**The input:**
┌──

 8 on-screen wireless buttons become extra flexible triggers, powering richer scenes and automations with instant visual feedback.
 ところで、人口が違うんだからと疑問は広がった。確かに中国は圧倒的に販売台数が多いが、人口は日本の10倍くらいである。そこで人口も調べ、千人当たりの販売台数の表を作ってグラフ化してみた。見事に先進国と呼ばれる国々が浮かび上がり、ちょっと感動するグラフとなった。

└──
┌──

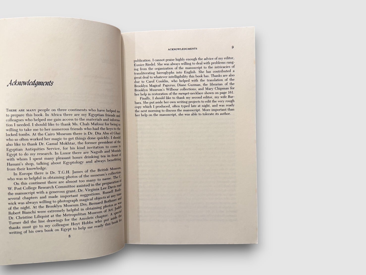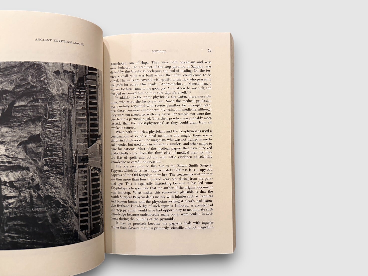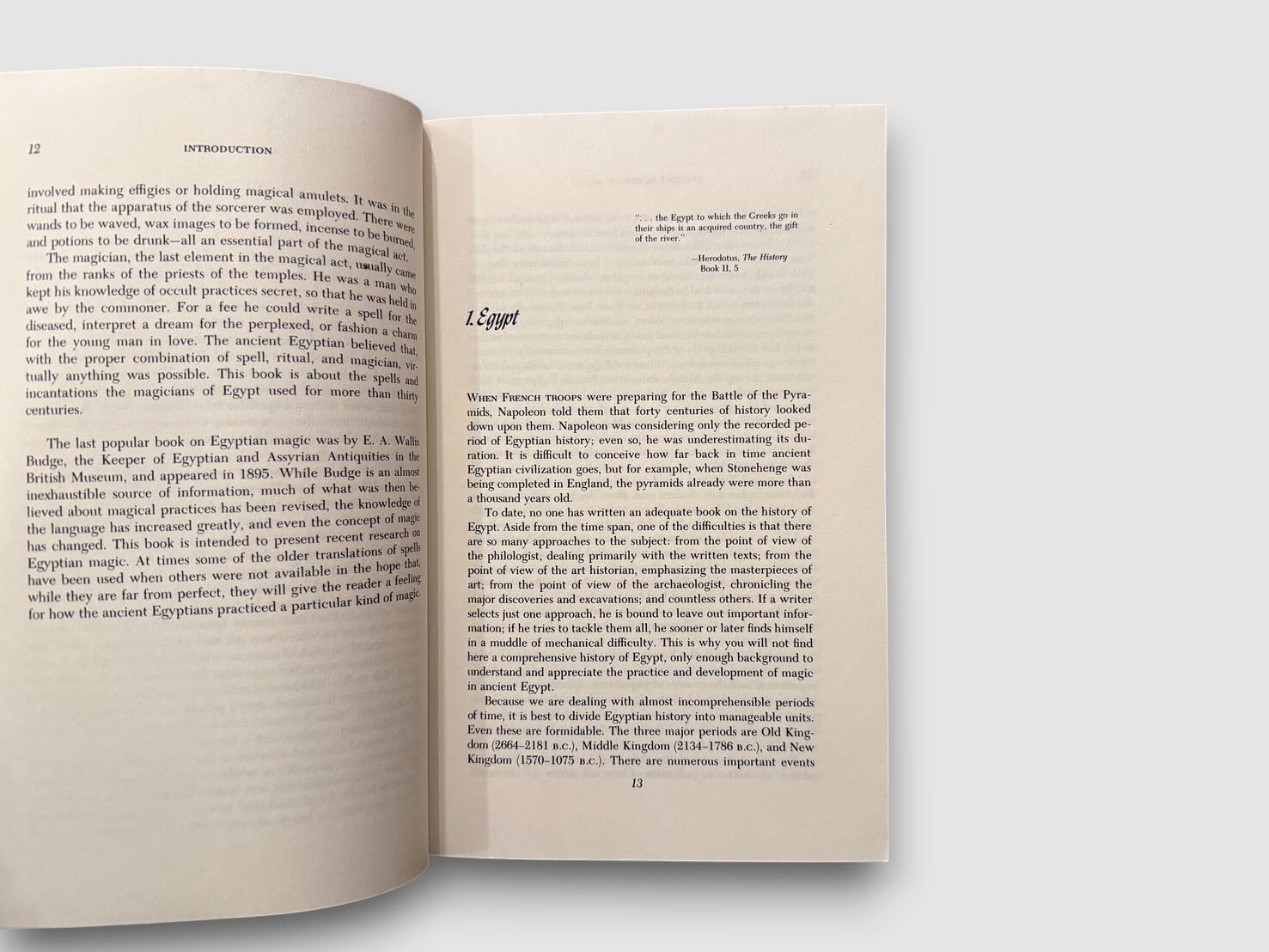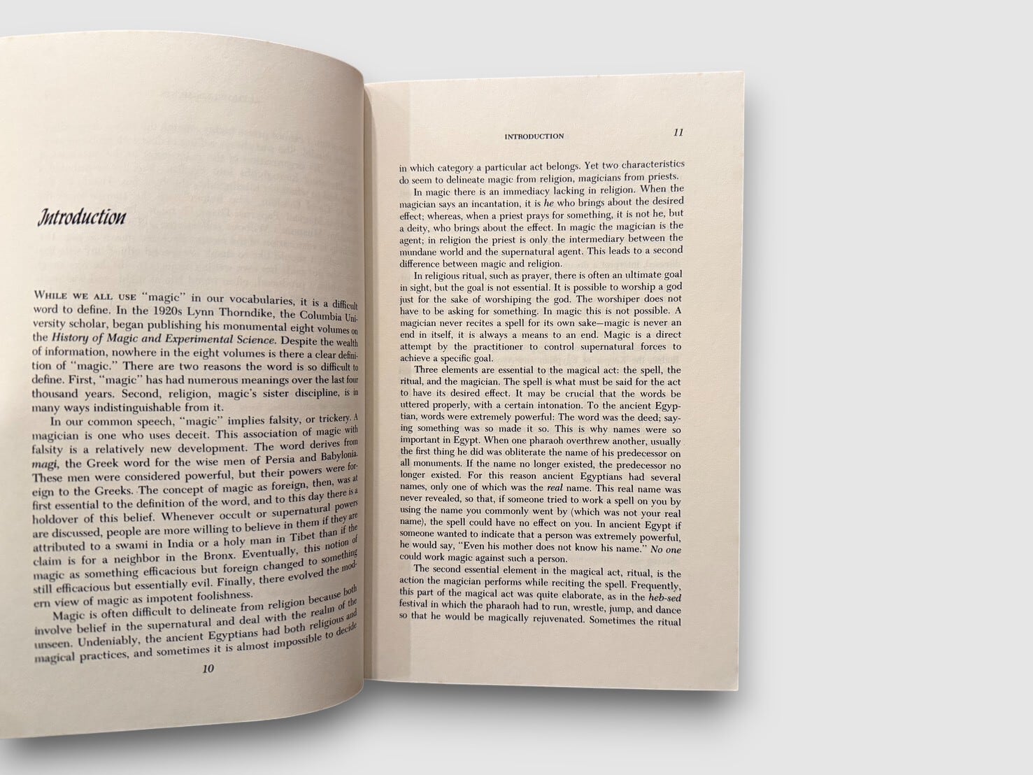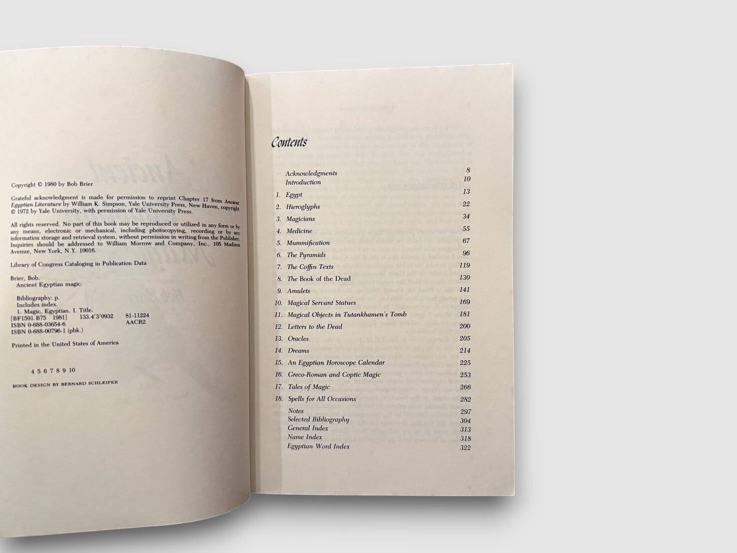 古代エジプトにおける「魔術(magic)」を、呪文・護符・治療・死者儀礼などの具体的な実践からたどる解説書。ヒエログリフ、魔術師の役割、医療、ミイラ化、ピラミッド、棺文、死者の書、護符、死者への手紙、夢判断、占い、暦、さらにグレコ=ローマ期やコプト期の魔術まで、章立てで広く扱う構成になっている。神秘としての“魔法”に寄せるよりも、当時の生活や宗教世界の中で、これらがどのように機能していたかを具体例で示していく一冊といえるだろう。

└──
┌──

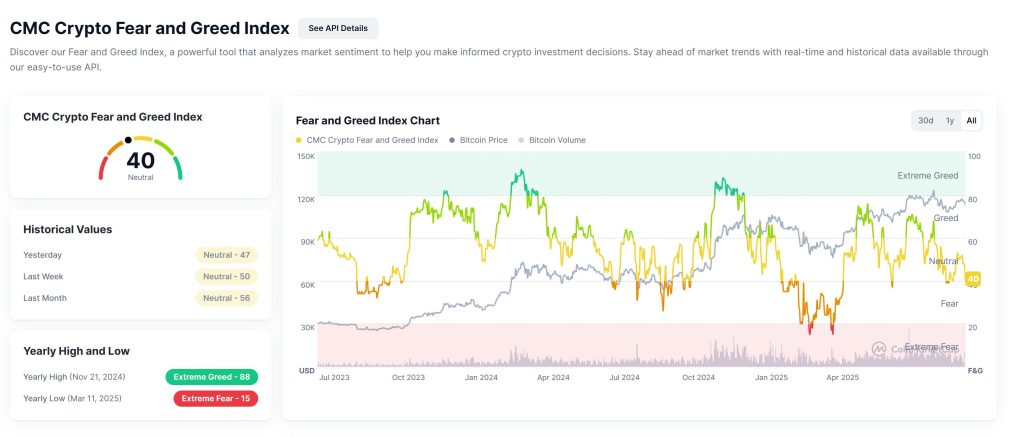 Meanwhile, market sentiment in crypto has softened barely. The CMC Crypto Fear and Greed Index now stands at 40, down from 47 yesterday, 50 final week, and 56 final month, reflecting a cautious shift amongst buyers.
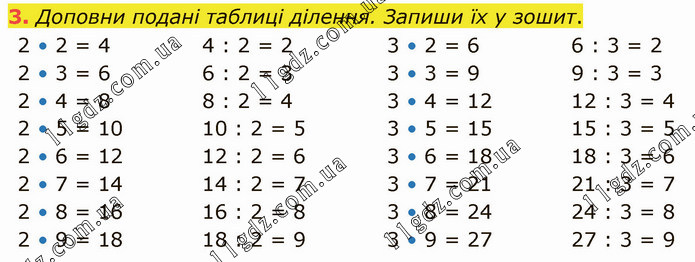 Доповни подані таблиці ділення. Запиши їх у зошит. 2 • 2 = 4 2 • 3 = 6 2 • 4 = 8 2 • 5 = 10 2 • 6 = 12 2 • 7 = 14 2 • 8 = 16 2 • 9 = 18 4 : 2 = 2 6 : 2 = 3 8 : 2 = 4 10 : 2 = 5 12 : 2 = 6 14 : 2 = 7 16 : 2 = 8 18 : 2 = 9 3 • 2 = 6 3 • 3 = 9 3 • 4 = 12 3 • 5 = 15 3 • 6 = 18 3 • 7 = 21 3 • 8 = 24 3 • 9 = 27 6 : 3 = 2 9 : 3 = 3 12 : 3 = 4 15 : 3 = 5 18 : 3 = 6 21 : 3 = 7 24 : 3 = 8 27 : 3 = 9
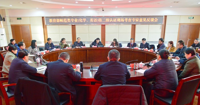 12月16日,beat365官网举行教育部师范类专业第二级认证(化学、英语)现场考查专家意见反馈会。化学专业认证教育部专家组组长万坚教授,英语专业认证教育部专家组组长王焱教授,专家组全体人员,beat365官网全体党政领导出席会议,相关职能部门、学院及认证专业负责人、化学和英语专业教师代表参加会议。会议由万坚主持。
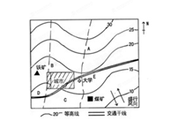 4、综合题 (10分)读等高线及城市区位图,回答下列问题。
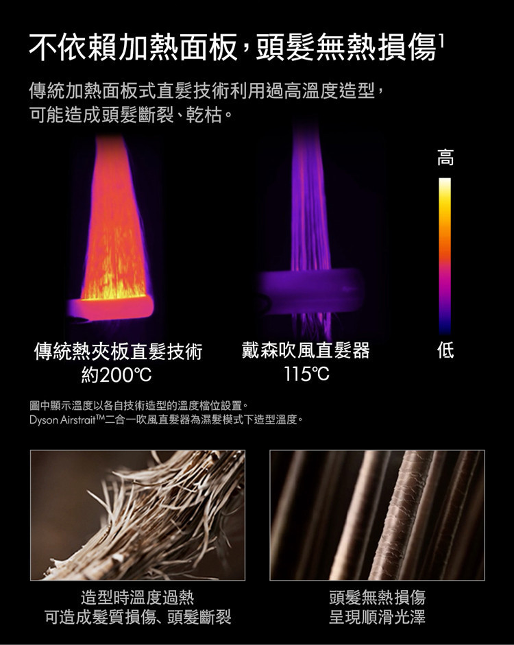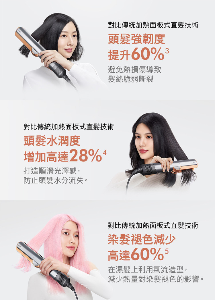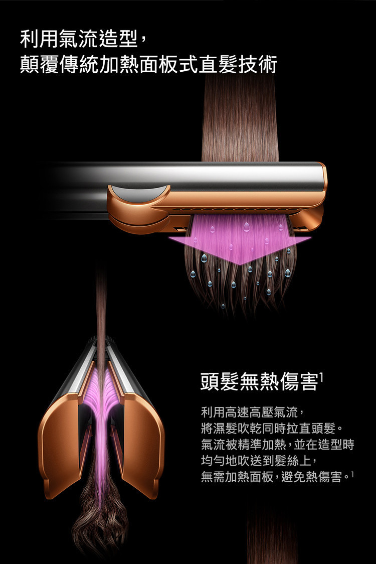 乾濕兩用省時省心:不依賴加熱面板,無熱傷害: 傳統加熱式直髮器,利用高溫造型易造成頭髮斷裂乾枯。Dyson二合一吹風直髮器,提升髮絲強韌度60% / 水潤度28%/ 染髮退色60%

└──

**What the task requires:** Would you print, exactly as written, every line above from the one holding "8 on-screen wireless" through the one holding "ところで、人口が違うんだから", with both included and no other lines?

**Completed exercise:**
 8 on-screen wireless buttons become extra flexible triggers, powering richer scenes and automations with instant visual feedback.
 ところで、人口が違うんだからと疑問は広がった。確かに中国は圧倒的に販売台数が多いが、人口は日本の10倍くらいである。そこで人口も調べ、千人当たりの販売台数の表を作ってグラフ化してみた。見事に先進国と呼ばれる国々が浮かび上がり、ちょっと感動するグラフとなった。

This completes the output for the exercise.